Background information
- Born: Tina Pinnock 5 July 1991 (age 34) Portmore, Jamaica
- Origin: The Bronx, New York
- Genres: Dancehall; reggae; hip hop;
- Occupations: Singer; songwriter;
- Years active: 2015–present
- Labels: Epic; KSR;
- Website: Official website

= HoodCelebrityy =

Jamaican singer (born 1991)

Tina Pinnock (born 5 July 1991), known mononymously as Tina and previously known professionally as HoodCelebrityy, is a Jamaican singer and songwriter. Born and raised in Portmore, Jamaica, Tina migrated to The Bronx, New York City at the age of 12. Currently signed to Epic Records, she released two mixtapes in 2017, Can't Believe It's Just a Girl and Trap Vs. Reggae. The latter album peaked at number 9 on the Billboard Reggae Albums chart. Her 2017 single, "Walking Trophy," peaked at number 22 on the R&B/Hip-Hop Airplay chart.

==Early life==
Tina Pinnock was born and raised in Saint Catherine Parish and Portmore, Jamaica. When she was 12, Pinnock and her family moved to The Bronx, New York. Prior to achieving fame, she worked at a clothing store and uploaded 15-second freestyle videos on her Instagram account.

==Career==
HoodCelebrityy's breakout came in 2015 when friend and future collaborator, Cardi B, posted about her song, "Wine Pon It". The song went viral soon after. In 2016, HoodCelebrityy was featured on the Jubilee song, "Wine Up." She would later be signed by the management company and record label, KSR Group. In January 2017, she appeared on Cardi B's mixtape, Gangsta Bitch Music, Vol. 2, on the song "Back It Up" which also featured Konshens. That same month, she released the lead single, "The Takeover", off of her debut mixtape, Can't Believe It's Just a Girl. The mixtape was released in the spring of that year.

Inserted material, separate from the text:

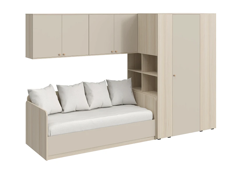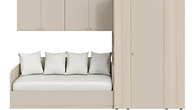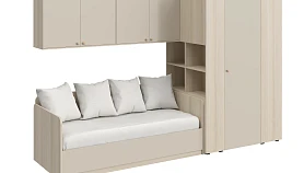 Play — коллекция модульной мебели для детской в спокойных оттенках светлого дерева с локальным добавлением ярких элементов. Естественные формы и цвета подружатся с любой стилевой темой. Подойдет как для дошкольников, так и для подростков. Изделия отвечают главным критериям детской мебели: безопасны, устойчивы, надёжны и эстетичны. Соблюдены экологические показатели, использована ЛДСП класса эмиссии Е1 и Е0,5 — для детской мебели с герметично закрытыми кромками. Из большого количества модулей вы можете спроектировать индивидуальное решение, исходя из потребностей и площади помещения. Для игровой локации, учебного места, спальной зоны, гардероба, хранения игрушек, техники и предметов для творчества — используйте модульные шкафы, стеллажи, тумбы, кровати-чердаки, столы, стеллажи-лестницы. Сквозные стеллажи идеальны в качестве перегородок в детской. Они пропускают свет, не перегружают площадь, позволяют использовать разные декоративные приёмы. Двухярусные кровати и «чердаки» удобно использовать в компактной локации. Шкафы напольные, навесные, тумбы, лаконичные столы — мебель Play поддержит атмосферу порядка и идеальный настрой на учёбу, творчество, поможет развить самостоятельность и аккуратность. Белые фасады отражают свет, освежают интерьер. С коллекцией Play вы легко создадите организованное и креативное пространство, в котором у каждой вещи есть своё место, и где ребенку комфортно учиться, играть, отдыхать, творить. Многофункциональная композиция для детской и молодежной. Ручки в стоимость изделия не включены, приобретаются отдельно.

In August 2017, HoodCelebrityy released her second mixtape, Trap Vs. Reggae, which featured the song "Island Girls," a collaboration with Cardi B and Josh X. The mixtape would later peak at number 9 on the Billboard Reggae Albums chart. Later in 2017, she released the single, "Walking Trophy." She was also featured on the remix of the French Montana song, "Famous." The video for "Walking Trophy" was directed by Mazi O and released in February 2018. The song has thus far peaked at number 22 on the Billboard R&B/Hip-Hop Airplay chart.

In May 2018, HoodCelebrityy was signed to Epic Records. Later that month, she and Tory Lanez were featured on the Megan Ryte track, "On & On." She performed at the 2018 Summer Jam.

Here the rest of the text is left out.